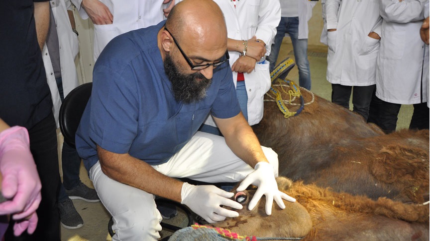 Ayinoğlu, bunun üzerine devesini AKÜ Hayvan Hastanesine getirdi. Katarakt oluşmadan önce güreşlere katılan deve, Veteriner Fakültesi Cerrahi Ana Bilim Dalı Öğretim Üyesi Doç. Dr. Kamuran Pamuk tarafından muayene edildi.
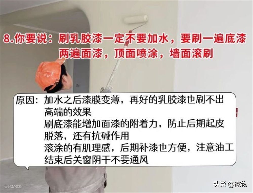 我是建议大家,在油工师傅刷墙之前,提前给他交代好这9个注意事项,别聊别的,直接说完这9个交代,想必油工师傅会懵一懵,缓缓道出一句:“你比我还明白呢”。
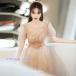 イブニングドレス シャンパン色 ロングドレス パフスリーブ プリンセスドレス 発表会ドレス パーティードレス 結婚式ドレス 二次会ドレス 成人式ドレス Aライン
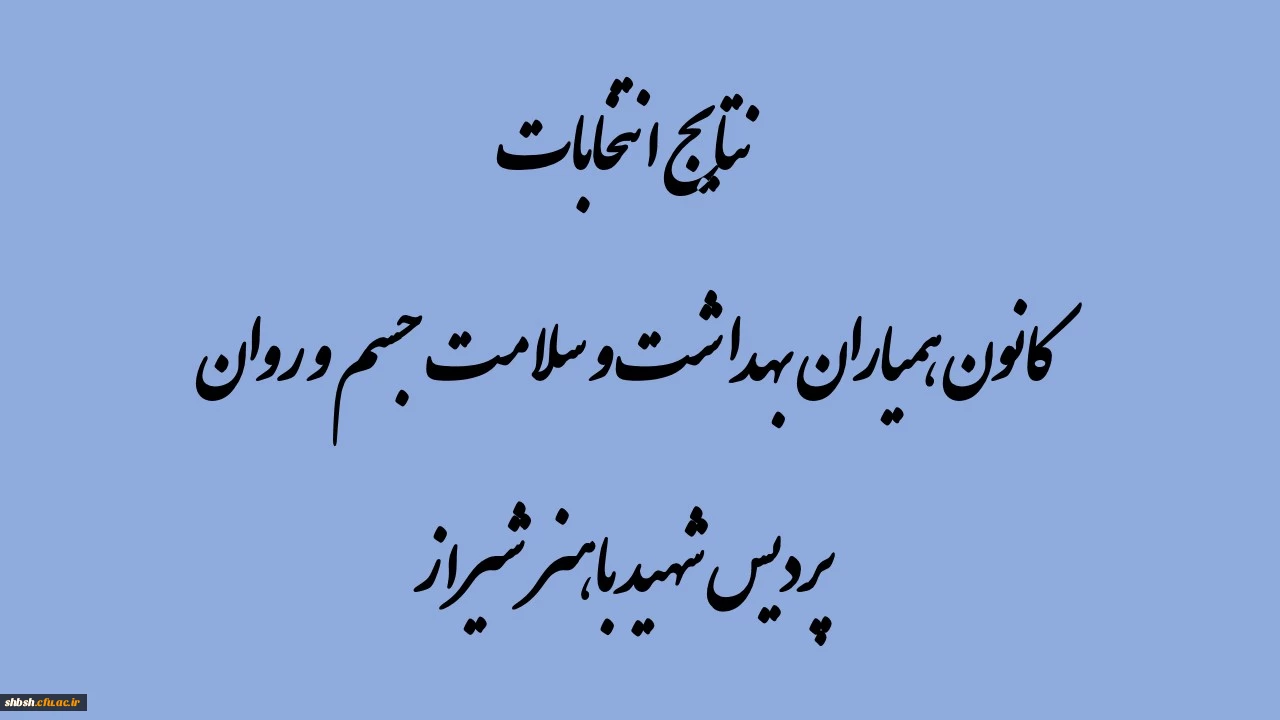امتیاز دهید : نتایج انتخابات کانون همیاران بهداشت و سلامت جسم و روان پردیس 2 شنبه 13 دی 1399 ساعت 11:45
☆ ☆ ☆ ☆ ☆
Would you write out all of the data exactly as it stands, without the pictures?

§ **Exercise answer**:
 Ayinoğlu, bunun üzerine devesini AKÜ Hayvan Hastanesine getirdi. Katarakt oluşmadan önce güreşlere katılan deve, Veteriner Fakültesi Cerrahi Ana Bilim Dalı Öğretim Üyesi Doç. Dr. Kamuran Pamuk tarafından muayene edildi.
 我是建议大家,在油工师傅刷墙之前,提前给他交代好这9个注意事项,别聊别的,直接说完这9个交代,想必油工师傅会懵一懵,缓缓道出一句:“你比我还明白呢”。
 イブニングドレス シャンパン色 ロングドレス パフスリーブ プリンセスドレス 発表会ドレス パーティードレス 結婚式ドレス 二次会ドレス 成人式ドレス Aライン
امتیاز دهید : نتایج انتخابات کانون همیاران بهداشت و سلامت جسم و روان پردیس 2 شنبه 13 دی 1399 ساعت 11:45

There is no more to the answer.